# Script to get the volume data by VehClass
Created by: Apoorba

Date: March 27, 2019

Vehicle class:
0: Unknown
1: <20 ft.
2: 20-40 ft.
3: >40 ft.

In [1]:
import boto3 #Need to read and write files to aws s3 bucket
import pandas as pd
from io import BytesIO as StringIO 
import numpy as np

    Note: For Python 2.7 we imported BytesIO as StringIO
    Don't need to do this for Python 3.x
    Just use import StringIO as StringIO

## Read the 5 min aggregate data 

The data is obtained from "Vol_dat.csv" file. We got this file from "Vol-Lamarie-Cheyenne-V1" script. 

In [2]:
client=boto3.client('s3')
obj=client.get_object(Bucket='prod-sdc-tti-911061262852-us-east-1-bucket',Key="abibeka/Data/Feb2018HiveVolDat_Ln_Cls.csv")
dat=pd.read_csv(obj['Body'])
dat.head()

Unnamed: 0,t1.controller,t1.lane,t1.vehclass,t1.time5m,t1.speedmph_avg,t1.nrec,t2.direction,t2.milepost,t2.2015_adt
0,384,1,1,2018-02-01 00:05:00,,1,I,325.8,13890
1,384,1,2,2018-02-01 00:05:00,,1,I,325.8,13890
2,384,1,3,2018-02-01 00:05:00,63.550001,4,I,325.8,13890
3,384,3,3,2018-02-01 00:05:00,65.703334,3,I,325.8,13890
4,384,4,1,2018-02-01 00:05:00,65.650002,1,I,325.8,13890


## Process 5 min aggregate data
Remove the "tx." from the column name.

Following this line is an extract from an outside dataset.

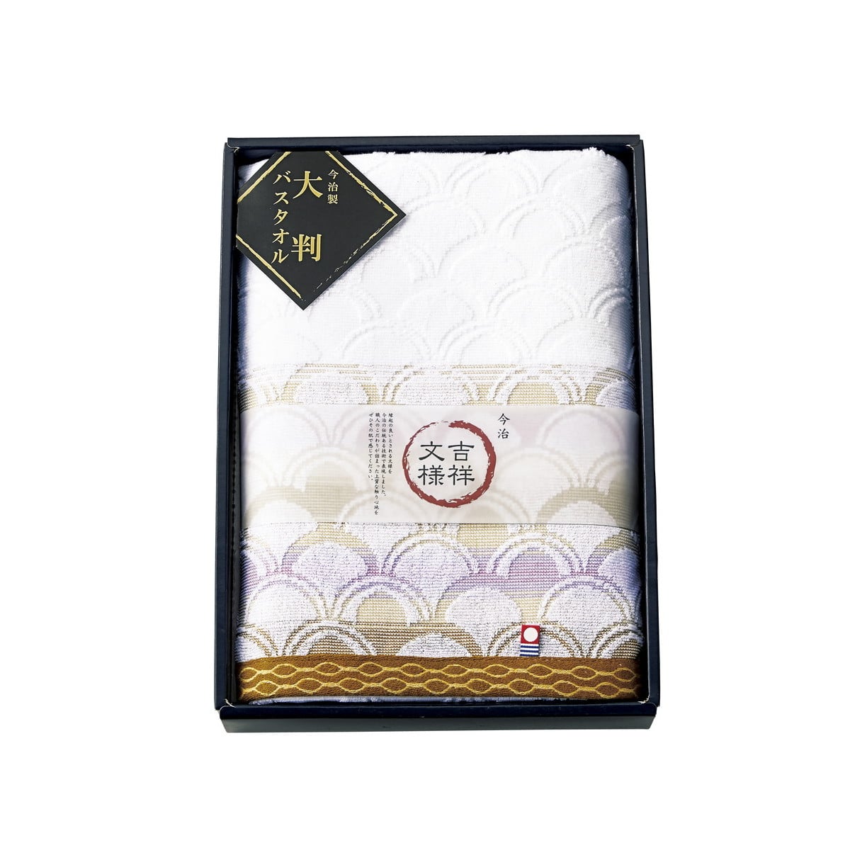 [吉祥文様 今治産 青海波 ゆったり大判バスタオル H-2523] 縁起の良いとされる文様を今治の伝統ある技術で表現しました。職人のこだわりが詰まった上質な触り心地をぜひその肌で感じてください。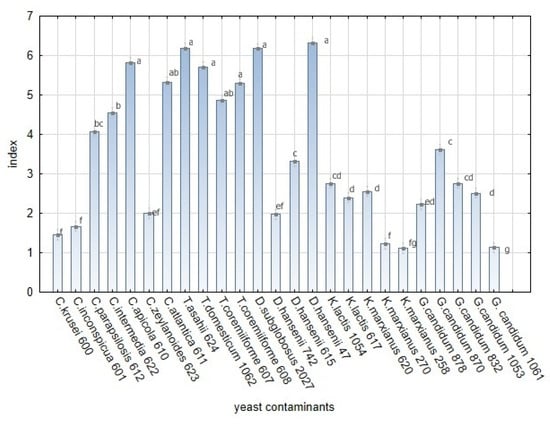 The sensitivity of yeast strains to L. plantarum strains in in vitro overlay tests. The bars represent the means of index value and SEM. F(24, 1050) = 400.009; p ≤ 0.00 E ≤ 0.05 (Factorial ANOVA, Statistica Software v. 12, Post Hoc Tukey’s HSD Test). The index letter indicates significant differences. Significant at α ≤ 0.05.

Also only retain the relevant columns.

In [3]:
{x:x.split('.')[1] for x in dat}

{'t1.controller': 'controller',
 't1.lane': 'lane',
 't1.nrec': 'nrec',
 't1.speedmph_avg': 'speedmph_avg',
 't1.time5m': 'time5m',
 't1.vehclass': 'vehclass',
 't2.2015_adt': '2015_adt',
 't2.direction': 'direction',
 't2.milepost': 'milepost'}

In [4]:
Rename1 ={x:x.split('.')[1] for x in dat}
dat=dat.rename(index=str,columns=Rename1)
dat =dat[['controller','time5m','nrec','speedmph_avg','lane','vehclass','direction','milepost']]
dat=dat.rename(index=str, columns={'nrec':'Vol','speedmph_avg':'AvgSpd'})
dat.head()

Unnamed: 0,controller,time5m,Vol,AvgSpd,lane,vehclass,direction,milepost
0,384,2018-02-01 00:05:00,1,,1,1,I,325.8
1,384,2018-02-01 00:05:00,1,,1,2,I,325.8
2,384,2018-02-01 00:05:00,4,63.550001,1,3,I,325.8
3,384,2018-02-01 00:05:00,3,65.703334,3,3,I,325.8
4,384,2018-02-01 00:05:00,1,65.650002,4,1,I,325.8


In [5]:
dat_e=pd.pivot_table(dat,index=['controller','time5m'],values=['Vol','AvgSpd'],columns=['vehclass'],aggfunc={'Vol':np.sum,'AvgSpd':np.mean})

In [6]:
dat_e1=dat_e.copy()
dat_e1=dat_e.reset_index()
dat_e1=dat_e1.rename(columns={0:"Class0",1:"Class1",2:"Class2",3:"Class3"})

In [7]:
dat_e1.head()

Unnamed: 0_level_0,controller,time5m,AvgSpd,AvgSpd,AvgSpd,AvgSpd,Vol,Vol,Vol,Vol
vehclass,Unnamed: 1_level_1,Unnamed: 2_level_1,Class0,Class1,Class2,Class3,Class0,Class1,Class2,Class3
0,384,2018-02-01 00:05:00,,65.650002,60.34,62.452963,,2.0,2.0,16.0
1,384,2018-02-01 00:10:00,,,63.280001,60.666666,,,2.0,7.0
2,384,2018-02-01 00:15:00,,70.397497,65.567501,60.1805,,3.0,3.0,11.0
3,384,2018-02-01 00:20:00,,,64.876668,62.1025,,,4.0,13.0
4,384,2018-02-01 00:25:00,,68.420002,,59.529167,,2.0,,8.0


## Create continous date indices
Basically fill out observation where volume was 0.

In [8]:
dev=dat_e1['controller'].unique()
# Get index for time 
dat_e1['DateTime']=pd.to_datetime(dat_e1['time5m'],format='%Y-%m-%d %H:%M:%S')
dat_e1=dat_e1.rename(str,columns={'controller':'deviceId'})
# Set index
dat_e1=dat_e1.set_index(['deviceId','DateTime']) 
# Create time interval index without missing values
index = pd.date_range('2018-02-01','2018-02-28',closed='right',freq='5min')
# Create a multiindex
multi_index=pd.MultiIndex.from_product([dev,index],names=['deviceId','DateTime'])
# Reindex. Now the missing values have nan. 
dat_e1=dat_e1.reindex(multi_index)

In [9]:
#index.head(20)

In [10]:
dat_e1.columns=[''.join(col).strip() for col in dat_e1.columns.values]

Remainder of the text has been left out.